Before v1.1 each surface ran its own ad-hoc sequence of reducers and sanitizers, which let bugs surface in one place and not another. v1.1 centralized the order so every compile — UI, MCP, Lab, recompile — produces structurally consistent output. v1.2 extended that contract with preflight, coverage and numeric guards, keeping the same single-entry-point guarantee.

Domain-agnostic by design

Every v1.2 module operates on structure, not on subject matter. Numeric guards cover international currencies, ISO/US/EU dates and generic citation forms; language detection spans EN / PT / ES / others; coverage modes are driven by source format, never by topic. The pipeline ships zero domain-specific heuristics (no IRPF, finance, legal or medical hardcoding) — it should produce the same shape for an API doc, a textbook chapter, a FAQ or a normative text.

Lab parity

The Lab compiles through the same runCkfPipeline as /compiler.

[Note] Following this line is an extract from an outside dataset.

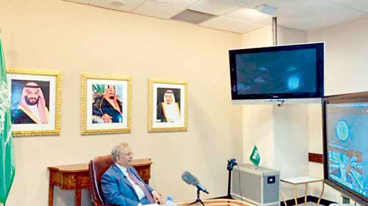 text_fieldsയു.എൻ. സെക്രട്ടറി ജനറൽ അേൻറാണിയോ ഗുെട്ടറസ് വിളിച്ച ഒാൺലൈൻ യോഗത്തിൽ സൗദി അംബാസഡർ അബ്ദുല്ല ബിൻ യഹ്യ അൽമുഅ്ലമി സംസാരിക്കുന്നു

PDF extraction is structure-preserving (groups items by Y-coordinate, detects paragraph gaps and headings, strips repeated headers/footers) and the chunker default is 6k chars. The Lab also exposes a chunk-size selector (4k / 6k / 12k) and defaults the Lovable provider togemini-2.5-pro rather than Flash for higher-fidelity extraction. When the chosen model routes through Gemini (direct or via the Lovable Gateway as google/*), the compiler sends a slim variant of the tool schema — descriptions and enums are dropped to stay within Gemini's constrained-decoding state budget; the extraction rules remain in the system prompt.